Illustrative examples of where a placement agreement is or is not required

  • Example A: Student goes to a third party to conduct work for their PhD and a placement agreement is required

Student A is undertaking a PhD on the impact of hypertension drugs on patients with Alzheimer’s. The student will be based at a private laboratory for three months testing patient samples to gain expertise in testing techniques and to gather data. During their time at the laboratory, the student will engage with its work and will be managed by a member of its staff. The results of the testing will form part of the student’s PhD project. A placement agreement will be required, which will include Intellectual Property considerations.

  • Example B: Student goes to a third party for work-based experience and a placement agreement is required

Student B’s PhD relates to carbon dating techniques and the student wishes to gain a wider knowledge of relevant sectors to enhance their career options.

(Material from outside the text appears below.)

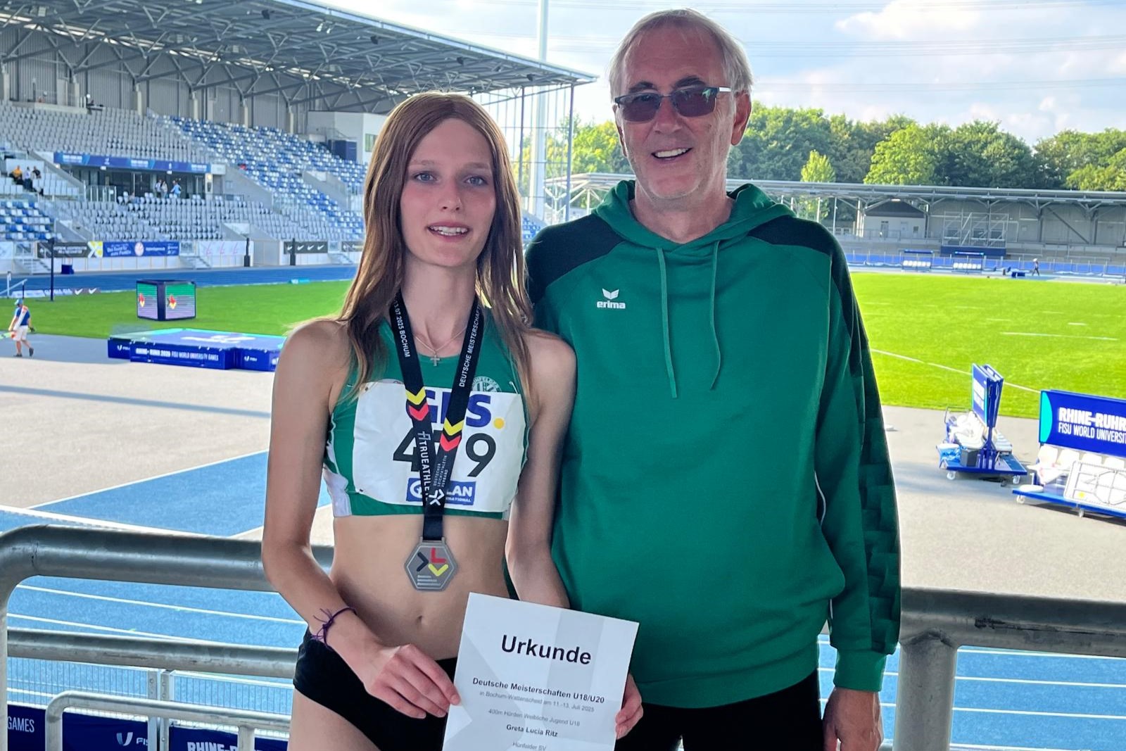 Bei den deutschen Meisterschaften der U18 sorgte Greta Lucia Ritz vom Hünfelder SV für eine kleine Sensation über die 400 Meter Hürden, Greta schaffte den Sprung auf Podest, holte die Deutsche Vize-Meisterschaft.

The student will spend one month at the Plant Museum to work on applications of carbon dating for cataloguing plant specimens. The work will not contribute to Student B’s PhD project, but it will provide work-based practical experience. The student will engage fully with the objectives of, and will be managed by, the Plant Museum. There is no existing Student Agreement in place as the Plant Museum is not involved in the funding of the student’s PhD, and a placement agreement must therefore be put in place. As the data or information arising from the placement will not relate to the student’s PhD, this does not have to be owned by the student or the University.

  • Example C: Student goes to a facility of a funder/project sponsor and a placement agreement is not required

Student C is undertaking a PhD in aeronautical engineering funded by Aerospace plc. As part of their studies, the student will be based at Aerospace plc’s research establishment for six months to carry out work that will contribute to their PhD project. Day-to-day management of the student will be undertaken by a member of staff from Aerospace plc. A placement agreement is not required as the arrangements for Student C’s placement will be addressed in the overall Studentship Agreement with Aerospace plc.

  • Example D: Student goes to another organisation to learn a new technique and a placement agreement is required

Student D’s supervisor recommends that the student spends a month as part of their PhD training at a research group in another university to learn a new experimental technique. There is no partnership in place and day-to-day supervision of the student transfers to the other university for the duration. A placement agreement will be required. As the focus of the placement is on learning a new technique rather than in producing results, a provision for the student/University to own the data is not required.

  • Example E: Student goes to another organisation to learn a new technique and a placement agreement is not required

Student E wishes to learn how to use a particular technique as part of their PhD project. A research establishment is willing to host the student for a few days to demonstrate how the technique is used. The supervisory team at the University remains responsible for the student and a placement agreement is not required in this case.